But as disturbing as the violence is, it was the racism that I found most shocking. Granted, this was written in the 1910s, so it's not going to be imbued with the PC-friendly content we expect from the romances of today, but it was still quite a shock to see just how acceptable it was to write such casual racism in mainstream publications. The n-word is used several times (both kinds); the Algerians are repeatedly referred to as Arabs; phrases like "Oriental beast" and "primitive" and "uncivilized" and "savage" are casually thrown around every other page; and the biggest kicker was this - it turns out that Ahmed isn't actually Algerian at all! He's half Spanish, half English, and was adopted by a sheik who fell in love with his mother, and out of love for her, bequeathed to him his name and title.
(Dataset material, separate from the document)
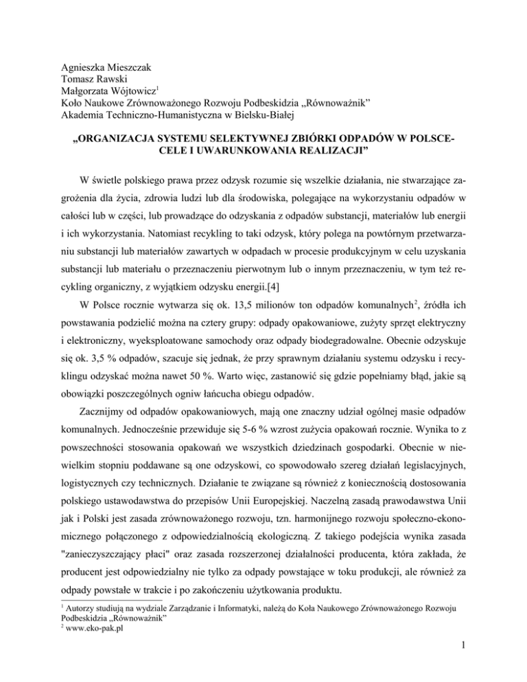 Agnieszka Mieszczak Tomasz Rawski Małgorzata Wójtowicz1 Koło Naukowe Zrównoważonego Rozwoju Podbeskidzia „Równoważnik” Akademia Techniczno-Humanistyczna w Bielsku-Białej „ORGANIZACJA SYSTEMU SELEKTYWNEJ ZBIÓRKI ODPADÓW W POLSCECELE I UWARUNKOWANIA REALIZACJI” W świetle polskiego prawa przez odzysk rozumie się wszelkie działania, nie stwarzające zagrożenia dla życia, zdrowia ludzi lub dla środowiska, polegające na wykorzystaniu odpadów w całości lub w części, lub prowadzące do odzyskania z odpadów substancji, materiałów lub energii i ich wykorzystania. Natomiast recykling to taki odzysk, który polega na powtórnym przetwarzaniu substancji lub materiałów zawartych w odpadach w procesie produkcyjnym w celu uzyskania substancji lub materiału o przeznaczeniu pierwotnym lub o innym przeznaczeniu, w tym też recykling organiczny, z wyjątkiem odzysku energii.[4] W Polsce rocznie wytwarza się ok. 13,5 milionów ton odpadów komunalnych 2, źródła ich powstawania podzielić można na cztery grupy: odpady opakowaniowe, zużyty sprzęt elektryczny i elektroniczny, wyeksploatowane samochody oraz odpady biodegradowalne. Obecnie odzyskuje się ok. 3,5 % odpadów, szacuje się jednak, że przy sprawnym działaniu systemu odzysku i recyklingu odzyskać można nawet 50 %. Warto więc, zastanowić się gdzie popełniamy błąd, jakie są obowiązki poszczególnych ogniw łańcucha obiegu odpadów. Zacznijmy od odpadów opakowaniowych, mają one znaczny udział ogólnej masie odpadów komunalnych. Jednocześnie przewiduje się 5-6 % wzrost zużycia opakowań rocznie. Wynika to z powszechności stosowania opakowań we wszystkich dziedzinach gospodarki. Obecnie w niewielkim stopniu poddawane są one odzyskowi, co spowodowało szereg działań legislacyjnych, logistycznych czy technicznych. Działanie te związane są również z koniecznością dostosowania polskiego ustawodawstwa do przepisów Unii Europejskiej. Naczelną zasadą prawodawstwa Unii jak i Polski jest zasada zrównoważonego rozwoju, tzn. harmonijnego rozwoju społeczno-ekonomicznego połączonego z odpowiedzialnością ekologiczną. Z takiego podejścia wynika zasada "zanieczyszczający płaci" oraz zasada rozszerzonej działalności producenta, która zakłada, że producent jest odpowiedzialny nie tylko za odpady powstające w toku produkcji, ale również za odpady powstałe w trakcie i po zakończeniu użytkowania produktu. 1 Autorzy studiują na wydziale Zarządzanie i Informatyki, należą do Koła Naukowego Zrównoważonego Rozwoju Podbeskidzia „Równoważnik” 2 www.eko-pak.pl 1 W przypadku opakowań i odpadów opakowaniowych zasady te znalazły odzwierciedlenie w dyrektywie Rady i Parlamentu Europejskiego z dnia 20 grudnia 1994 r. w sprawie opakowań i odpadów opakowaniowych. Przekładając te zasady na prawo polskie przyjęto założenie, że obowiązki w zakresie gospodarowania odpadami opakowaniowymi rozłożone są na poszczególnych uczestników "łańcucha opakowaniowego" tzn. producentów opakowań, producentów produktów w opakowaniach (tj. producentów wykorzystujących opakowania do pakowania produktów), handel zarówno hurtowy, jak i detaliczny oraz użytkowników, jak również administrację publiczną. Do podstawowych ustaw określających te obowiązki należą: - ustawa z dnia 11 maja 2001 r. o opakowaniach i odpadach opakowaniowych - ustawa z dnia 11 maja 2001 r. o obowiązkach przedsiębiorców w zakresie gospodarowania niektórymi odpadami oraz o opłacie produktowej i opłacie depozytowej, - ustawa z dnia 13 września 1996 r. o utrzymaniu czystości i porządku w gminach, - ustawa z dnia 27 kwietnia 2001 r. o odpadach, i wiele innych. Zacznijmy od obowiązków producentów i importerów opakowań. Do ich obowiązków należy właściwe projektowanie i wytwarzanie opakowań - masa i objętość opakowań, możliwość wielokrotnego użytku, przydatność na odzysk i recykling, ograniczona zawartość metali ciężkich i innych substancji niebezpiecznych, oznakowanie opakowań - rodzaj materiałów wykorzystanych do produkcji opakowania, możliwość wielokrotnego użytku opakowania, przydatność opakowania do recyklingu (ustawa o opakowaniach... - art. 5, 6). Kolejnym ogniwem są producenci i importerzy produktów w opakowaniach, ich zadaniem jest zapewnienie odzysku, a w szczególności recyklingu odpadów opakowaniowych, osiągnięcie docelowych poziomów odzysku i recyklingu odpadów opakowaniowych (ust. o obowiązkach...). Głównym obowiązkiem sprzedawców produktów w opakowaniach jest przekazywanie użytkownikom informacji w zakresie dostępnych systemów zwrotu, zbierania i odzysku, w tym recyklingu, właściwego postępowania z odpadami opakowaniowymi, znaczenia oznaczeń stosowanych na opakowaniach (ustawa o opakowaniach ... - art. 12). Użytkownicy produktów w opakowaniach ( w zakresie użytkowania środków niebezpiecznych) zobowiązani są do zwrotu sprzedawcy opakowań wielokrotnego użytku i odpadów opakowaniowych (ustawa o opakowaniach ... - art. 17). Obowiązkiem gminnej administracji samorządowej (organ wykonawczy, rada gminy) jest przygotowanie i uchwalenie, a następnie aktualizacja gminnego planu gospodarki odpadami jako elementu gminnego programu ochrony środowiska - również w zakresie odpadów opako2 waniowych, przygotowywanie sprawozdań z realizacji gminnego planu gospodarki odpadami (ustawa o odpadach), organizowanie selektywnego zbierania, segregacji i magazynowania odpadów komunalnych (ustawa o utrzymaniu ...-art. 3), obowiązki te są podobne dla poszczególnych szczebli administracji publicznej. W analizie pominięte zostały kwestie formalne, takie jak wydawanie zezwoleń czy też składanie raportów. Ministerstwo Środowiska poinformowało, że w roku 2006 poziom odzysku dla wszystkich odpadów opakowaniowych został ustalony, zgodnie z rozp. Ministra Środowiska z dnia 24 maja 2005 r. w sprawie rocznych poziomów odzysku i re

One of the "conflicts" of the book is Ahmed's blistering hatred of English people, and his refusal to speak in anything but French or Arabic. It turns out that his father was abusive to his mother, and that's why he hates English people. When he found out about his English heritage, he threw a major temper tantrum, refused his title, ran off to the desert, and never spoke English again (even though apparently he can speak it and understand it). Part of the reason he was so cruel to Diana is because it made him feel like he was getting back at his father and his father's people, which is all kinds of messed up. Seriously, dude?
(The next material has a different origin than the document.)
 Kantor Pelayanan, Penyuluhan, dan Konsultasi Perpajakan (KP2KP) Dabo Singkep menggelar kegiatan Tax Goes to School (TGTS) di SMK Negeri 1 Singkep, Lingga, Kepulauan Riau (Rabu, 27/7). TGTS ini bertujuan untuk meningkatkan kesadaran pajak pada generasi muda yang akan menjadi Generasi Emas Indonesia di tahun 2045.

Also, Diana is kidnapped by a rival sheik named Ibraheim and of course he's ugly and dirty and fat and has blackened teeth and really dark skin (although not so dark, the book says, that you can't see the dirt all over him). I've never seen an author use so many adjectives to make a character as unappealing as possible. He even "speaks French villainously" and I'm not sure how one speaks a language villainously, but there you go. At this point, I was giving the book the stink-eye, and when I found out Ahmed wasn't even Algerian, I got even angrier, because it felt like the message was, "Oh, he's white after all, so it's not bad, and that's why he's better." This is why I tend to avoid reading bodice rippers about sheiks and Native Americans - they always do this. The alleged hero of color is always a "half-breed" (and yes, they do describe them that way in the blurbs sometimes), and while there is absolutely nothing wrong with being biracial or multiracial, there is something wrong with making a character part white for the purpose of suggesting that this "whiteness" makes them better.
This book was popular enough that a movie was created by the same name, starring Rudolph Valentino. The movie is supposed to be a lot better (no rape, I believe), and Rudolph Valentino is a babe and a half, so if you're interested in this story that seems to be the way to go (although if you're feeling masochistic, you can grab it for free on Kindle). I noticed that there is a sequel available called THE SONS OF THE SHEIK. It isn't available for Kindle in English, but I did find a Spanish version, so if I ever feel like I want to work for my masochism, I'll buy that and let loose.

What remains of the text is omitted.